I’ve pulled the Wheel of Fortune twice this week and so I thought today is a good day to break it down.
Fate.
Luck.
Destiny.
When we like the results, this is what we call it.
Misfortune.
Bad luck.
Curse.
When we don’t like the results, this is what we call it.
It’s actually all the same.
The only difference is our preference.
And.
Whether or not fall victim to our beliefs around it.
I’ll admit that the concept of fate and destiny is something I’ve felt victimized by.
I hate the idea that some “great spirit in the sky” is somehow deciding things for me.
It goes against everything I value and believe in – autonomy, sovereignty, freedom.
However, at the same time I am well aware that I cannot control other people nor can I control many circumstances. What I can control is how I chose to relate to them.
It is at this choice point that The Wheel of Fortune comes in.
Contrary to popular teaching around karma, and all that “we chose this on a soul level” bullshit, The Wheel of Fortune actually shows us how the world really works.
It’s not meant to be perfect nor perfected. It’s not meant to be a tidy ball of fate in our control this whole time.
I think for me the internal struggle around “fate” and “destiny” is an inherent contradiction in how Earth School actually works, and what really is sovereignty embodied. In other words, why would we ourselves “chose” bad shit to happen at a soul level? That would mean we are responsible for the actions and behaviours of others that we actually cannot control.
For example, would you ever chose to be sexually abused as a child?
FUCK NO!!!
And if your answer is that this is somehow a karmic blessing, you seriously need to check in, because that is fucked up.
On all levels – it’s not ok.
It’s fucked up. Period.
Now I’m not saying that we cannot come out of our traumas as stronger, more resilient human beings – we obviously were built as resilient fucking miracles, so obviously, trauma in no way makes us damaged goods, however, I’m also saying that no one would ever chose that – even at a soul level.
And, more importantly that it is never ok to abuse a child.
Ever.
Do not get that confused with soul growth.
Part of understanding The Wheel of Fortune is understanding that in this world and in this life, a lot of experiences happen – and a lot of those experiences are not in control. The part of the deal we did agree upon was coming to this crazy place where that kind of shit is possible – that is a decision we are responsible for at a soul level.
I think for me this is a really important differentiation and understanding what is our part and what is our responsibility.
Because here’s another fact: our destiny is in our own hands.
Yes, our souls have made certain decisions (all be it, not knowing the whole story of what it’s like in Earth School) about having certain experiences – this is what I refer to as “fate” or “destiny”.
It is not some predetermined “plan” set out by some mystery being in the sky.
It is your own soul – YOU, it’s YOU – making some decisions, then embodying these choices through a myriad of experiences and adventures on Earth.
That’s why there’s no “right” or “wrong” way to live our lives.

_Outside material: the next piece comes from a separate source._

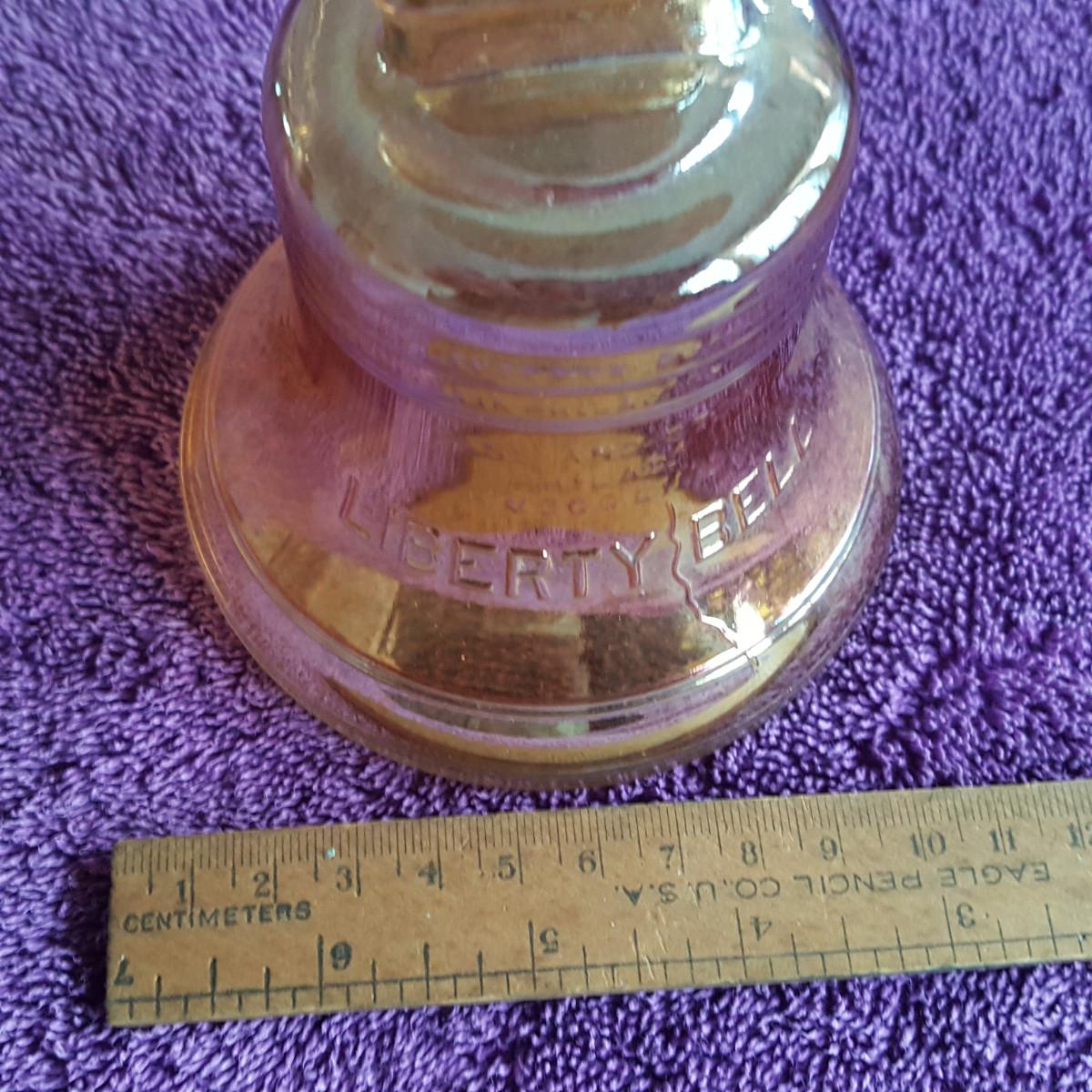 This auction lot is for a Glass Liberty Bell Dime Bank. This fun bank is made from molded iridescent glass and will not only save your dimes but look good while doing so. Nice 70's collectible.

It’s all about the experience.
The true lesson in The Wheel of Fortune is seeing where our choice points are – these are the places where we have agency. These are the places we need to take responsibility for ourselves.
For example, my spread this morning, the 10 of Swords reversed paired with The Wheel (also a 10 card in the major arcana), signified the ending of cycles. My choice is to be able to see the endings that are here and I can either fully ride the ride of ending or cling onto the shit that is trying to move through me.
Either way, my ride, my choice.
Clearly for me, surrendering and being an active participant in the endings will leave me feeling empowered. It will give me the opportunity to take responsibility in my part in the whole. If I cling (which is a totally valid response as well), I won’t actually stop what’s out of my control from happening, and I will feel victimized because somehow I believed I had the power to stop it. It will feel like a failure, rather than empowerment.